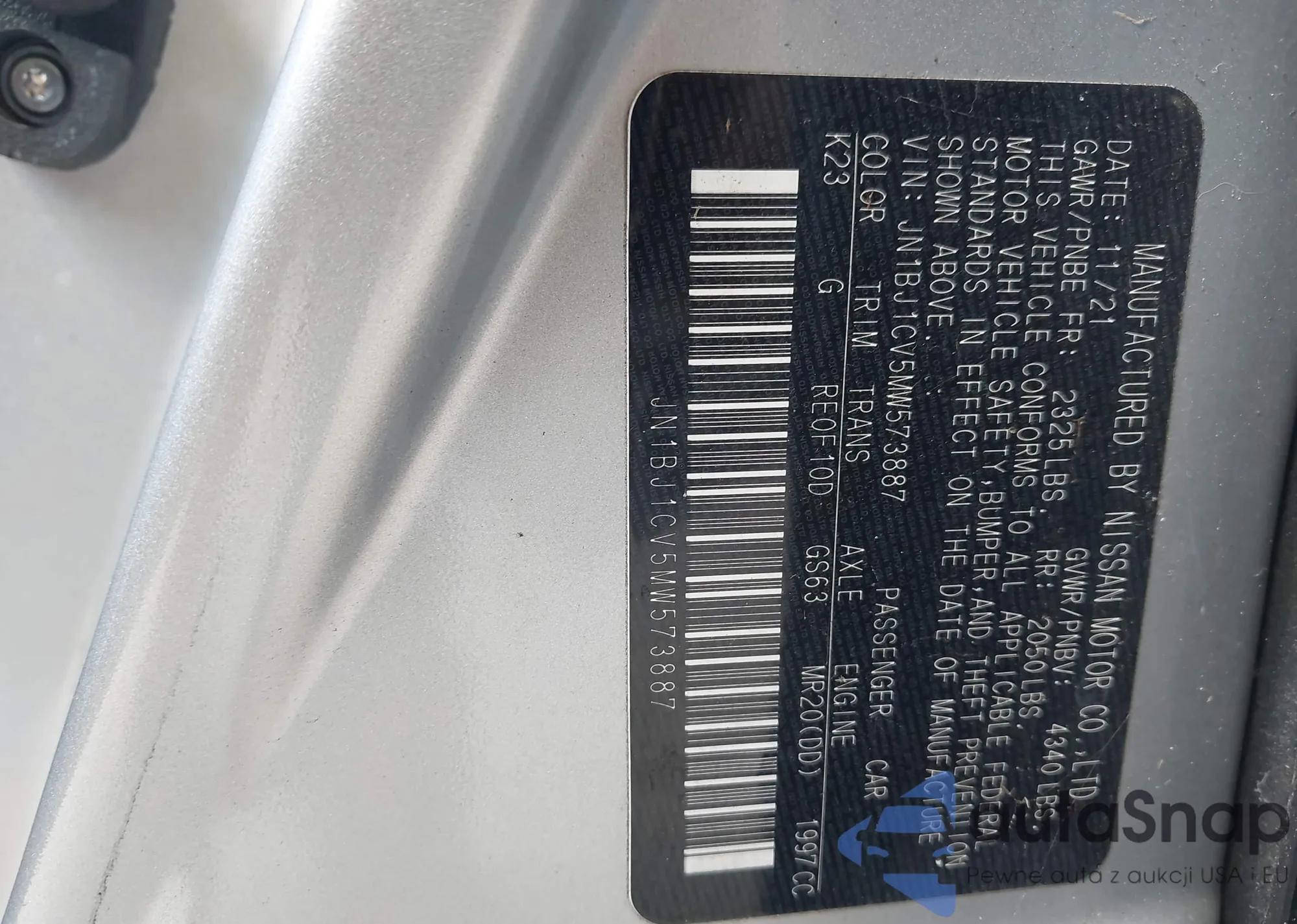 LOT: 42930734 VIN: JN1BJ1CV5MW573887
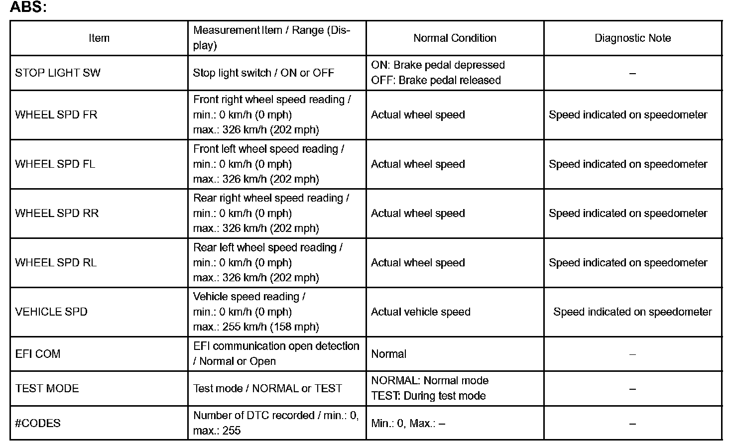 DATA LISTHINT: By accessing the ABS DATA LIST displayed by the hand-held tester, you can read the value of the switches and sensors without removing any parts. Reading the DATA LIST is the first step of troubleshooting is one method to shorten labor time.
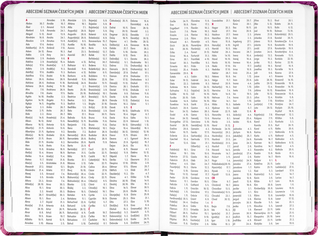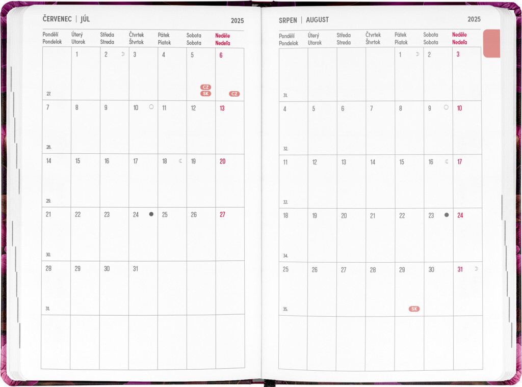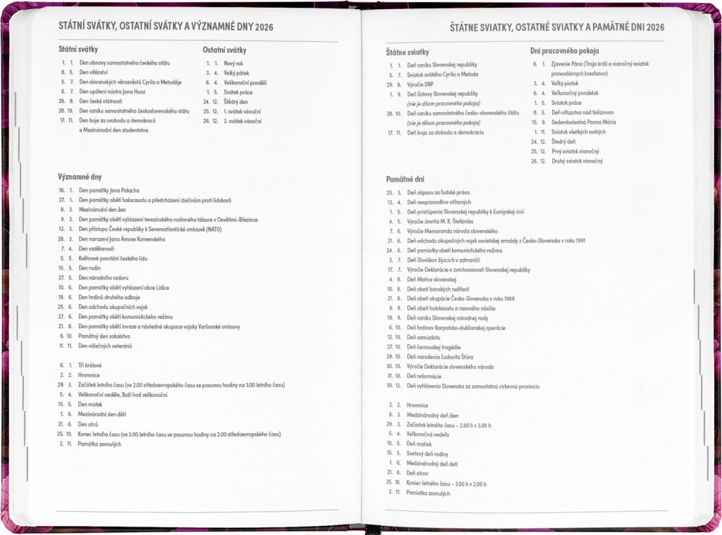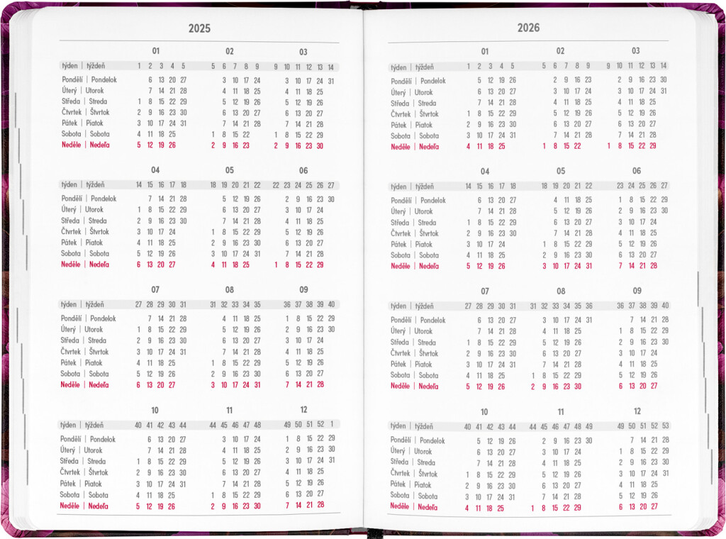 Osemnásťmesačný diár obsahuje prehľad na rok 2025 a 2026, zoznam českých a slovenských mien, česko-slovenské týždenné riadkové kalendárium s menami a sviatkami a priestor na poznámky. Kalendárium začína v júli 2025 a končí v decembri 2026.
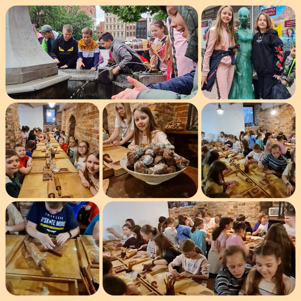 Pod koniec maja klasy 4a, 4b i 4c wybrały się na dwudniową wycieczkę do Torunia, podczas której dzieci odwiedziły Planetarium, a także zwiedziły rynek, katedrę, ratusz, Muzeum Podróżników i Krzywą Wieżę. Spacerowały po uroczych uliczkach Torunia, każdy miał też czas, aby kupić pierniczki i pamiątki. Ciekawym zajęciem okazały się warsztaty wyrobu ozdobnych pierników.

= Directions =
Excluding the images, copy all of the material above verbatim.

= Response to this task =
 LOT: 42930734 VIN: JN1BJ1CV5MW573887
 DATA LISTHINT: By accessing the ABS DATA LIST displayed by the hand-held tester, you can read the value of the switches and sensors without removing any parts. Reading the DATA LIST is the first step of troubleshooting is one method to shorten labor time.
 Osemnásťmesačný diár obsahuje prehľad na rok 2025 a 2026, zoznam českých a slovenských mien, česko-slovenské týždenné riadkové kalendárium s menami a sviatkami a priestor na poznámky. Kalendárium začína v júli 2025 a končí v decembri 2026.
 Pod koniec maja klasy 4a, 4b i 4c wybrały się na dwudniową wycieczkę do Torunia, podczas której dzieci odwiedziły Planetarium, a także zwiedziły rynek, katedrę, ratusz, Muzeum Podróżników i Krzywą Wieżę. Spacerowały po uroczych uliczkach Torunia, każdy miał też czas, aby kupić pierniczki i pamiątki. Ciekawym zajęciem okazały się warsztaty wyrobu ozdobnych pierników.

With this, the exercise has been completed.